TASK TO CARRY OUT — Set the pictures aside and set down only the lines from the line holding "Ванну купили акриловую" through the end of the entries below, ends included.

Data excerpts
====

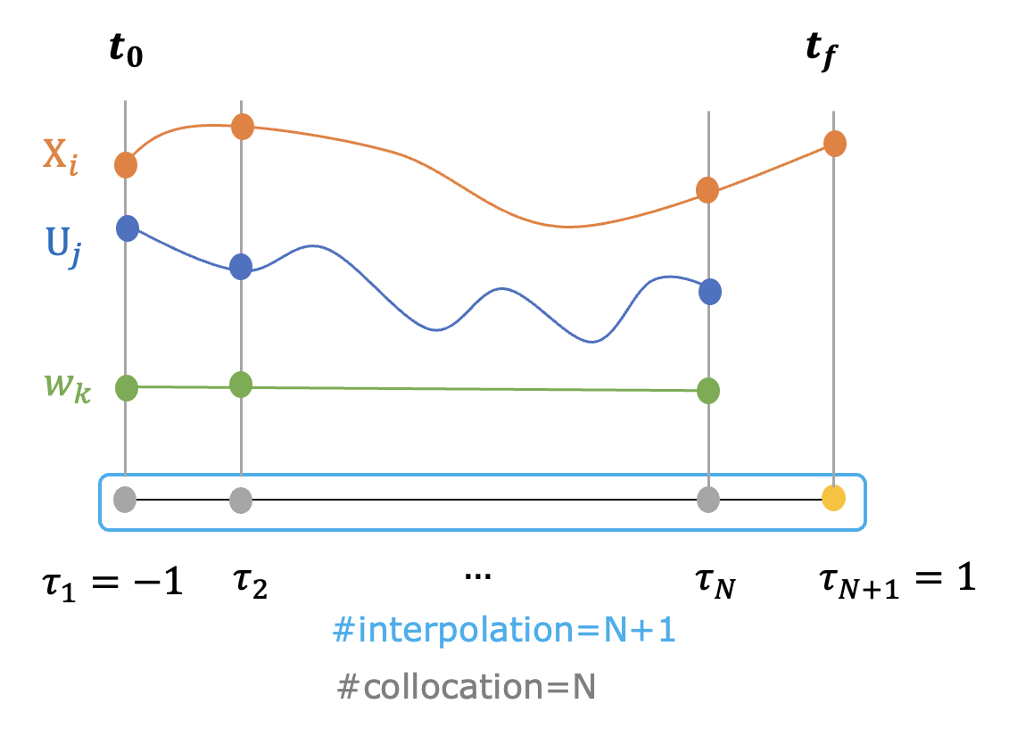 라다우 유사 스펙트럴 방법(RPM, Radau pseudospectral method)에서는 \(N\) 개의 LGR(Legendre-Gauss-Radau) 포인트를 콜로케이션 포인트로 사용하고, LGR 포인트에 \(\tau_{N+1}=1\) 점을 포함한 것을 보간점으로 사용한다.
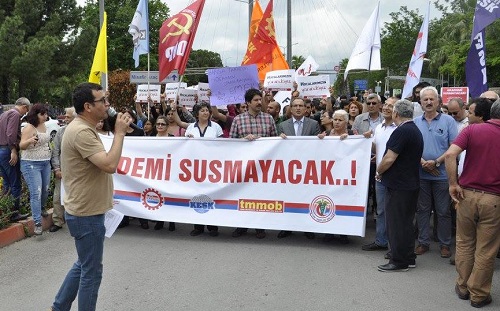 Akdeniz Üniversitesi Öğretim Elemanları Derneği, TTB Merkez Konseyi, TMMOB Antalya İl Koordinasyon Kurulu, KESK Antalya Şubeler Platformu ve DİSK Akdeniz Bölge Temsilciliği ‘nin çağrısıyla yapılan açıklamaya yüzlerce kişi katıldı.
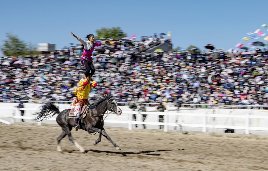 Riders perform on horseback to celebrate Lhasa Shoton (yogurt banquet) Festival in Lhasa, southwest China's Tibet Autonomous Region, Aug. 20, 2020. (Xinhua/Sun Fei)
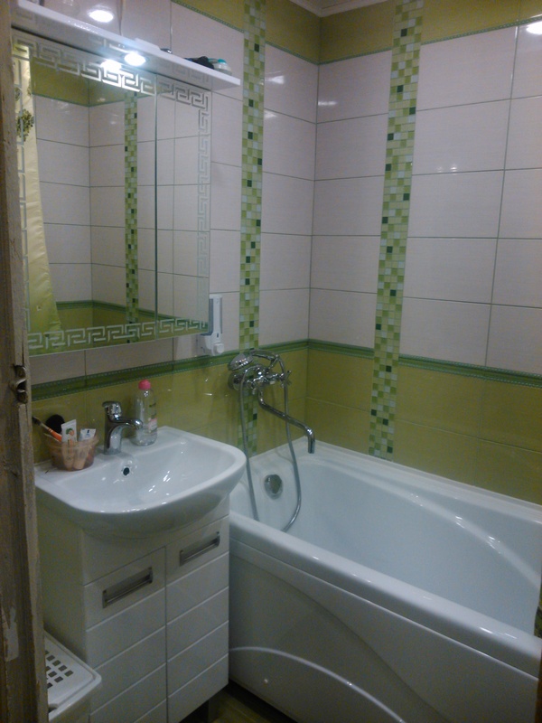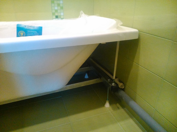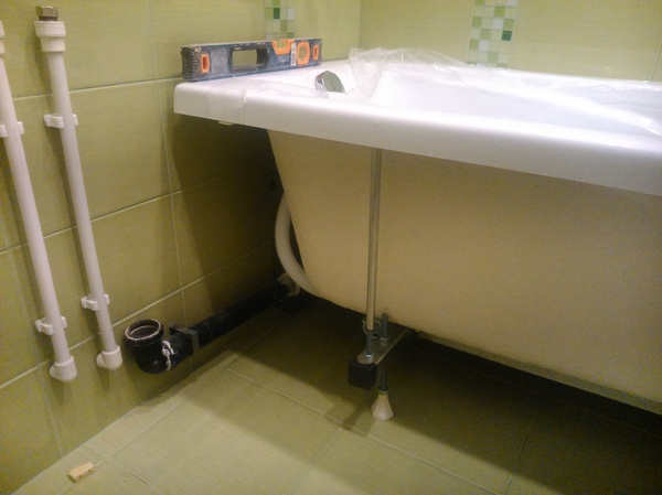 Ванну купили акриловую на каркасе 1,7м. Жена помогла вкорячить ее на место. В остальном все делал один.
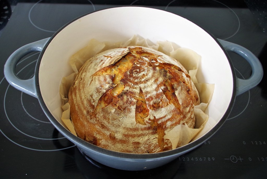 7. Put the lid on the Dutch oven and put it in a normal oven. Turn the oven on to a very high setting (200° – 220°C if possible. 400°F/Gas 6 or higher) and bake for 50 minutes. Remove the lid and bake for a further 10 minutes. (NB This is a “cold start” method, which I like to use.)
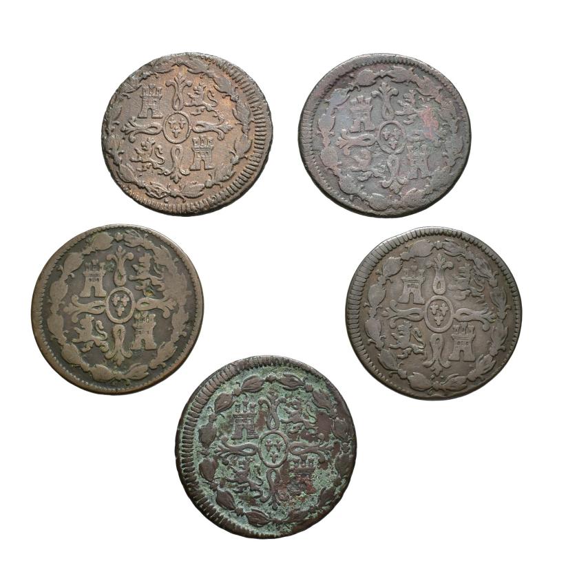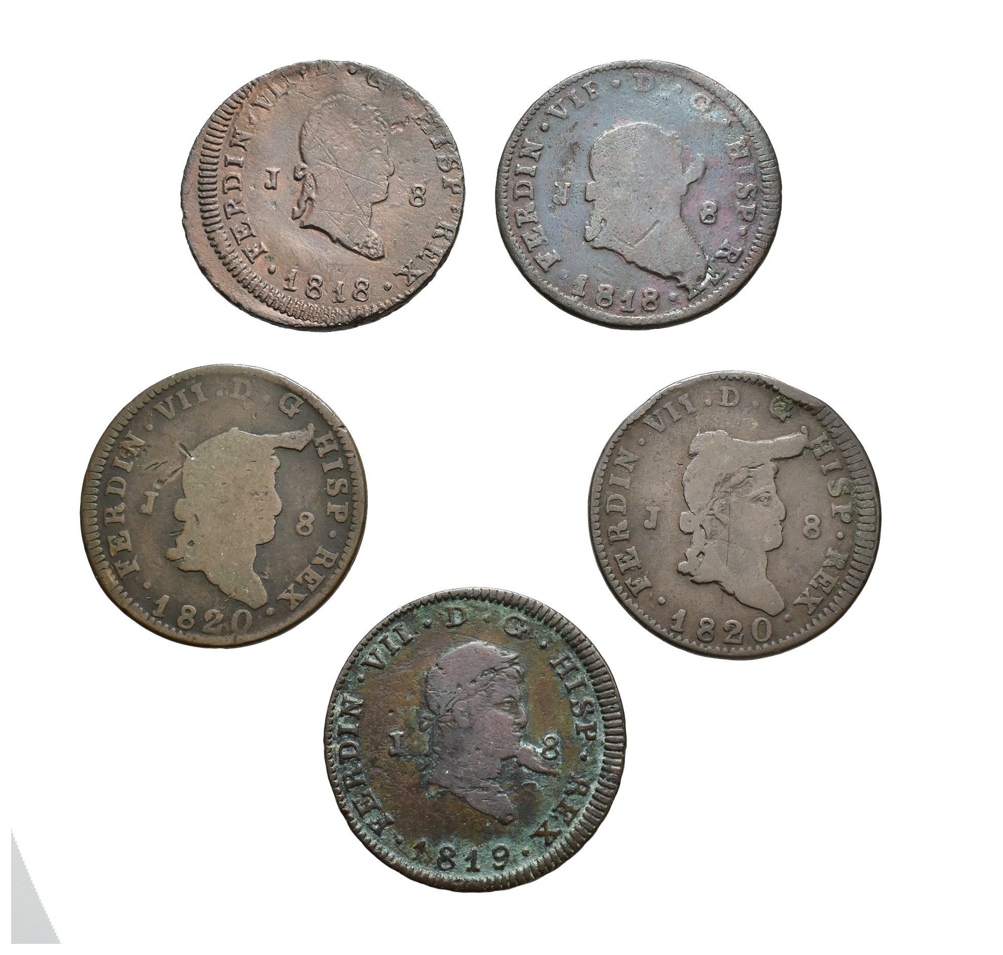 FERNANDO VII. Lote de 5 monedas de 8 maravedís, Jubia, con defectos de acuñación, rebabas por rotura de cuño o descentrada. Orol-JU-115a,b, 155, 156 y 167. BC+/MBC.
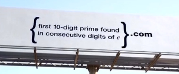 广告上是一道数学题:{e的连续数字中最先出现的10位质数}.com,这题答对了后还会有一道类似的题目,连续答对了两道题,就会收到谷歌实验室的一封信:“我们要找的人才就是你,快加入我们团队吧!”

====

EXERCISE RESPONSE —
 Ванну купили акриловую на каркасе 1,7м. Жена помогла вкорячить ее на место. В остальном все делал один.
 7. Put the lid on the Dutch oven and put it in a normal oven. Turn the oven on to a very high setting (200° – 220°C if possible. 400°F/Gas 6 or higher) and bake for 50 minutes. Remove the lid and bake for a further 10 minutes. (NB This is a “cold start” method, which I like to use.)
 FERNANDO VII. Lote de 5 monedas de 8 maravedís, Jubia, con defectos de acuñación, rebabas por rotura de cuño o descentrada. Orol-JU-115a,b, 155, 156 y 167. BC+/MBC.
 广告上是一道数学题:{e的连续数字中最先出现的10位质数}.com,这题答对了后还会有一道类似的题目,连续答对了两道题,就会收到谷歌实验室的一封信:“我们要找的人才就是你,快加入我们团队吧!”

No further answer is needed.